Why is that surprising for you? There are idiots in every country and culture, especially when it comes to politicians.
Wang, you are one dumb ****
Judged by your user-name, I am glad that you're not another self-hate Chinese. English requirement is now common in just about all Chinese schools. That's right, it's official. Whether the angelic children in the picture like it or not, they have to learn English. Wang Xuming doesn't speak for other Chinese.
Closer to home, the poor English skills of Scholarism brats and nihilist bananas are a crying shame. Perhaps if they had been open-minded enough to accept national education, they could have experienced a collateral improvement in English.
I didn't start learning English until Primary 6. Thanks to classes in Chinese history and classics at SJC, I believe my English at Form 3 was far superior to Hong Kong self-hate morons.
Language is both a vehicle and originator of thought. A new language, if learned properly, could add another dimension to your thinking.
Unfortunately absent from this article is any characterization of Mr. Wang's heavy use of ideological phrases and code words seemingly lifted straight out of the CCP propaganda handbook. Perhaps the reporter was educated in China and does not consider the implications when read by those who did not grow up in the PRC.
To my reading, Mr. Wang's point is to push a nationalist and mildly xenophobic party line. "随着改革开放的深入,一方面我们的外语人才基本上能够满足需要,另一方面让全体人都去学习一门外语,不仅耗费人力、物力和精力,而且使人才培养成本也在增加,很多学科其实根本无需外语..." China only needs people to learn English for purely functional reasons and to heck with anyone who spends money and energy on studies that are surplus to requirement. Maybe nobody sent him the memo that central planning is dead?
Wang Xuming, another one of those confucius clown!!!
"Call to reduce English lessons to ‘save’ Chinese". Hell, how can you 'lose' Chinese when you've got one quarter of the world's population speaking it ?!!

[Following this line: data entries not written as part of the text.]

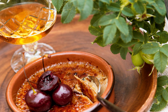 Strö ett tunt lager råsocker över brûléeformarna innan servering och bränn av med gasolbrännare. Servera med några körsbär och en liten avec.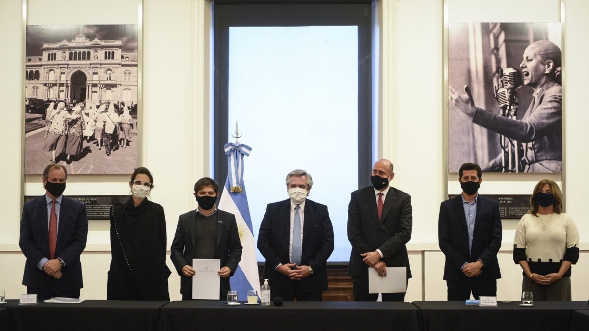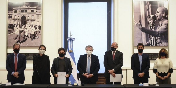Del evento, que se desarrolló en la Casa Rosada, participaron también el ministro del Interior, Eduardo de Pedro; los gobernadores de Buenos Aires y Entre Rios, Axel Kiciloff y Gustavo Bordet; y la ministra de Infraestructura, Servicios Públicos y Hábitat, Silvina Frana.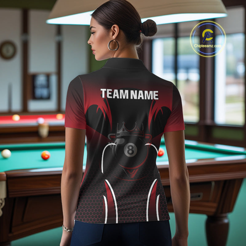 Black & Red 8 Ball Crown Women's Billiard Polo & 1/4 Zip Shirt Custom Billiard Team Jersey NYN2344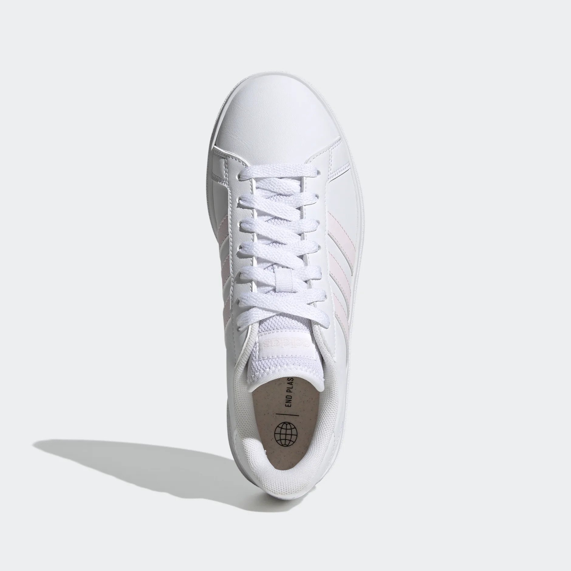 Sneakers with staying power. The adidas Grand Court shoes have been around since the '70s. Once you've upgraded to the revamped version of the classic, they'll never be far from your feet. The 3-Stripes add a sporty spin to any outfit. Made with a series of recycled materials, this upper features at least 50% recycled content. This product represents just one of our solutions to help end plastic waste.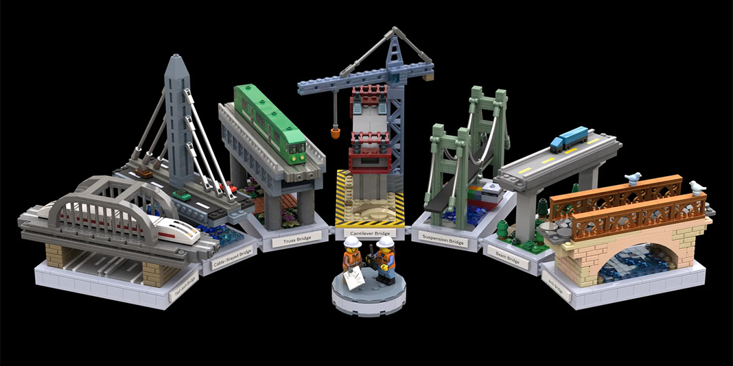 The World of Civil Engineering: Types of Bridges, par MOCingbird, nous propose en effet une reconstitution de 7 types de ponts différents – du pont à haubans au pont à poutres, en passant par le classique pont voûté.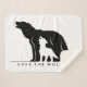 Das ist ein Schwarz-Weiß-Design eines heulenden Wolfs mit ihrem Wolfsjungen. Viele Wolfsarten (darunter der graue Wolf) sind noch immer vom Aussterben bedroht. Im Text steht "Rett die Wölfe". Dieses Design kann personalisiert werden, indem Sie eigene Texte oder Bilder hinzufügen.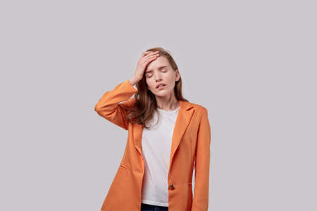 Portrait of pretty girl and dark long hair wearing orange t shirt having tired expression holding her hand on head. Young attractive girl with headache isolated on gray background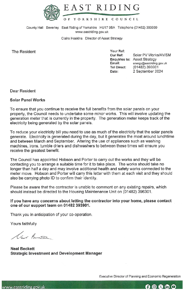Pre-press Red flag: anti-Semite Neal Beckett of ERYC, Hobson&Porter & fraudster ecolec-co of Handley’s local Gov are forcing tenants (non contractual not legal anti-Semite act) towards compulsory investments to re-install PV-meters for existing top-roof toys of solar panels. This embedded the use of tenants’ electricity, WiFi, SIM-card, Spy eBugs, etc. Wherein, daily data are collection across the road by third party IT-op). If (annual benefit <£50 per house stolen from e-tenants), then (it shall profit the share holders of local council Gov of fraud strategic investments). UK-ERYC Tenants shall stop Gov, and to Proceed @ Discretion by any means Necessary.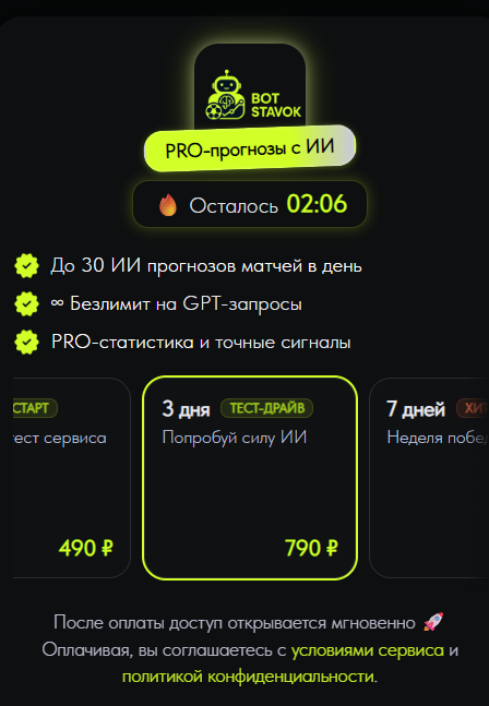 - канал в телеграме Бот Ставок — ИИ прогнозы: @botstavok

Mass duel language ability is a HUGE national advantage for China. The earlier the 2nd language is learned, the easier it is.
People from the U.S., in particular are, too often, at a disadvantage because they don't sufficiently push learning of a 2nd language.
China has the world's longest and richest unbroken culture. The more competitive the country is, the more that culture will spread. For example, now that China has opened up to a degree, Americans now have access to many Chinese movies on Netflix if they choose to watch them. Too few do.
Wang Xuming is an insecure, xenophobic dufus.